Problem to solve:
Word for word, transcribe the lines below and drop the pictures.

Data excerpt:
------------------------------

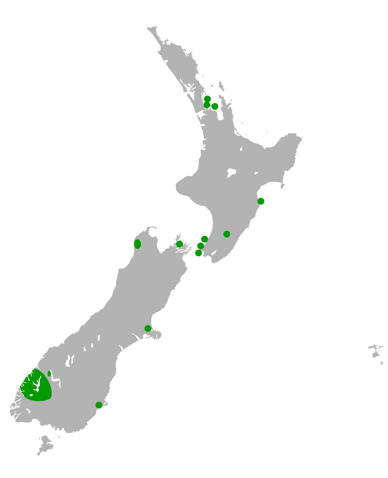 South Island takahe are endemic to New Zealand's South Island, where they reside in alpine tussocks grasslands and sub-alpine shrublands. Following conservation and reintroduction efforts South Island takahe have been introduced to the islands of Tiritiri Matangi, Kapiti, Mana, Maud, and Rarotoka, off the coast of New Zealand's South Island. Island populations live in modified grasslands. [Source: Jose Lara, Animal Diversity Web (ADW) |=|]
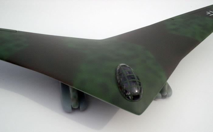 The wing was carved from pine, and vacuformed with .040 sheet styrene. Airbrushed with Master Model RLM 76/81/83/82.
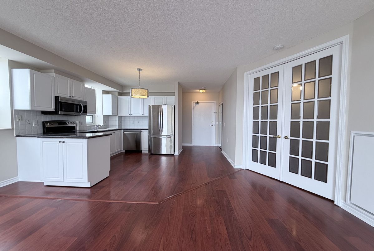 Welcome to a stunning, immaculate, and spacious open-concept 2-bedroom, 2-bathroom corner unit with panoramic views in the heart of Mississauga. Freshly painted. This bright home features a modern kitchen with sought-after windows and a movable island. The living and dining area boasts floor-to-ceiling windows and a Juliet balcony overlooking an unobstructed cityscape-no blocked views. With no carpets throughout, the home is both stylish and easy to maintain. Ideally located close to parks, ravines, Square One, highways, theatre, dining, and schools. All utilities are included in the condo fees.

------------------------------

Result of the exercise:
 South Island takahe are endemic to New Zealand's South Island, where they reside in alpine tussocks grasslands and sub-alpine shrublands. Following conservation and reintroduction efforts South Island takahe have been introduced to the islands of Tiritiri Matangi, Kapiti, Mana, Maud, and Rarotoka, off the coast of New Zealand's South Island. Island populations live in modified grasslands. [Source: Jose Lara, Animal Diversity Web (ADW) |=|]
 The wing was carved from pine, and vacuformed with .040 sheet styrene. Airbrushed with Master Model RLM 76/81/83/82.
 Welcome to a stunning, immaculate, and spacious open-concept 2-bedroom, 2-bathroom corner unit with panoramic views in the heart of Mississauga. Freshly painted. This bright home features a modern kitchen with sought-after windows and a movable island. The living and dining area boasts floor-to-ceiling windows and a Juliet balcony overlooking an unobstructed cityscape-no blocked views. With no carpets throughout, the home is both stylish and easy to maintain. Ideally located close to parks, ravines, Square One, highways, theatre, dining, and schools. All utilities are included in the condo fees.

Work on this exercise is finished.